Over the years I have reviewed numerous papers that do not properly benchmark the various methods proposed. In my opinion if a paper has an empirical evaluation, then it must have appropriate benchmarks as well. Otherwise, one cannot claim that convincing empirical evidence is provided. The argument is simple: if the proposed method does not provide benefits over established benchmarks, what does it offer? Of course it is important to be careful not to focus just on forecasting accuracy, as there may be other benefits such as automation, robustness, computational efficiency, etc.

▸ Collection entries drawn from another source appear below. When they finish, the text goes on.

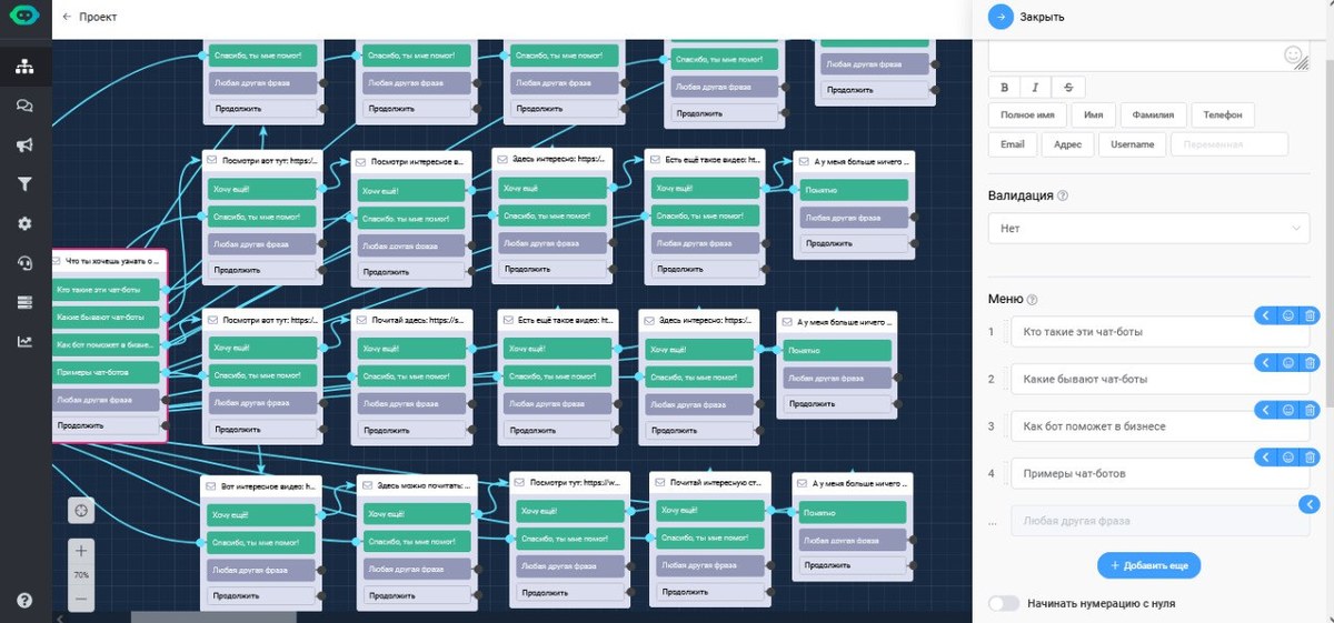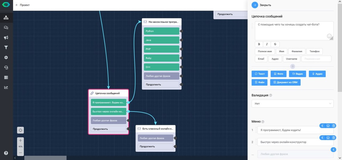 Мы уже писали про онлайн-конструкторы ботов и собирали тестового бота в одном из них. С таким подходом мы решаем большинство проблем из первого варианта: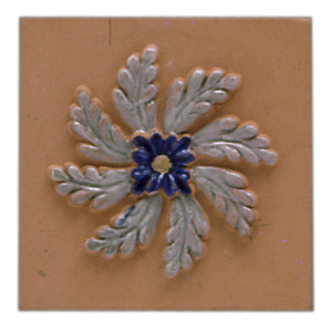 5x5 Tozzetto in rilievo inserito nel Bianco Antico tagliato un lato, posato a rivestimento. Il colore di riferimento è il cotto, 398 e blu 325.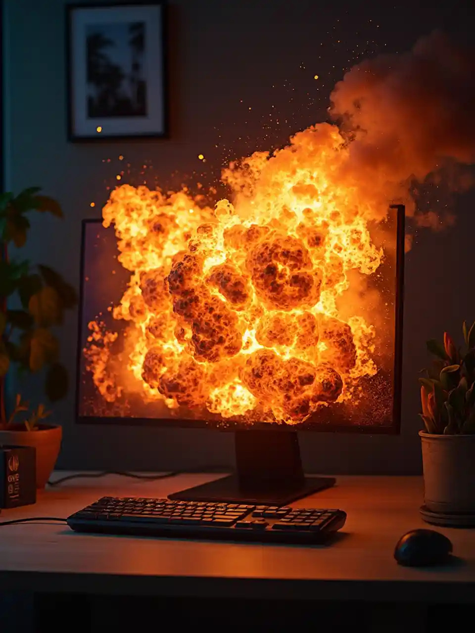 HPはProモニターに火をつけて爆発させた

This is very relevant to practice as well. Often companies do not benchmark their forecasts and have little evidence if they their forecasts are fine, if they could improve, or how to improve. In my consultancy work this is often the first step that I take: benchmark the current process.
Of course, this is often easier said than done. One needs to have benchmarks implemented and these should not require far too much expertise to use. This is where all the work by various members of the community comes in handy! Currently there are multiple time series packages for R freely available. A lot of these are very easy to use.
Let us assume that we have a time series we want to forecast and that we have developed a new method. This is how easy it is to produce some benchmark forecasts:
> # Load the necessary libraries > library(forecast) > library(MAPA) > library(tsintermittent) > > # In-sample data: 'y.trn' > # Out-of sample: 'y.tst' > # Forecasts from our new brilliant method are stored in 'mymethod' > > # Start timer - Just to see how long this takes > tm <- proc.time() > > # Let's produce some benchmarks > frc <- array(NA,c(7,24)) # 7 benchmarks, forecast horizon 24 > > fit.ets <- ets(y.trn) > fit.arima <- auto.arima(y.trn) > fit.mapa <- mapaest(y.trn,paral=1,outplot=FALSE) > frc[1,] <- rep(y.trn[n-24],24) > frc[2,] <- forecast(fit.ets,h=24)$mean > frc[3,] <- forecast(fit.arima,h=24)$mean > frc[4,] <- mapafor(y.trn,fit.mapa,fh=24,ifh=0,outplot=FALSE)$outfor > frc[5,] <- crost(y.trn,h=24)$frc.out > frc[6,] <- crost(y.trn,h=24,type="sba")$frc.out > frc[7,] <- tsb(y.trn,h=24)$frc.out > rownames(frc) <- c("Naive","ETS","ARIMA","MAPA","Croston","SBA","TSB") > > # Calculate accuracy > PE <- (matrix(rep(y.tst,8),nrow=8,byrow=TRUE) - + rbind(mymethod,frc))/matrix(rep(y.tst,8),nrow=8,byrow=TRUE) > MAPE <- rowMeans(abs(PE))*100 > > # Stop timer > tm <- proc.time() - tm
So what we have here is forecasts from ‘mymethod’ and some benchmarks:
- Naive: hopefully our method predicts better than the random walk.
- ETS: state space exponential smoothing from the ‘forecast’ package.
- MAPA: multiple aggregation prediction algorithm using ets from the ‘MAPA’ package.
- Croston’s method: this is supposed to be used to intermittent data, but I just wanted to demonstrate how easy is to use this as a benchmark. This is from the ‘tsintermittent’ package.
- SBA: this a variant of Croston’s method from the ‘tsintermittent’ package.
- TSB: another intermittent demand method from the ‘tsintermittent’ package.
Of course not all benchmarks are appropriate, but I wanted to demonstrate how easy is to use them. Accuracy is assessed using Mean Absolute Percentage Error (MAPE), for t+1 up to t+24 forecasts.
> print(round(MAPE,2)) mymethod Naive ETS ARIMA MAPA Croston SBA TSB 5.76 7.37 6.00 7.34 5.59 5.76 7.07 7.26 > print(tm) user system elapsed 4.24 0.00 4.86
Apparently mymethod is pretty good, but in terms of accuracy MAPA seems to be doing better. Perhaps it is interesting to see that Croston’s method is not that bad, which makes sense considering that for non-intermittent data it is equivalent to exponential smoothing.
The whole benchmarking took very little coding and only 4.86 seconds to run. This could be sped up using parallel processing that both ‘forecast’ and ‘MAPA’ packages support. Of course we would prefer to have used rolling origin evaluation (cross-validation), and this could be implemented easily with a loop.
Here is the series and the various forecasts:
> cmp = rainbow(8, start = 0/6, end = 4/6) > ts.plot(y.trn,y.tst,ts(t(rbind(mymethod,frc)),frequency=12,end=end(y.tst)), + col=c("black","black",cmp)) > legend("bottomleft",c("MyMethod",rownames(frc)),col=cmp,lty=1,ncol=2)
To conclude: benchmark your forecasts, it is easy and necessary!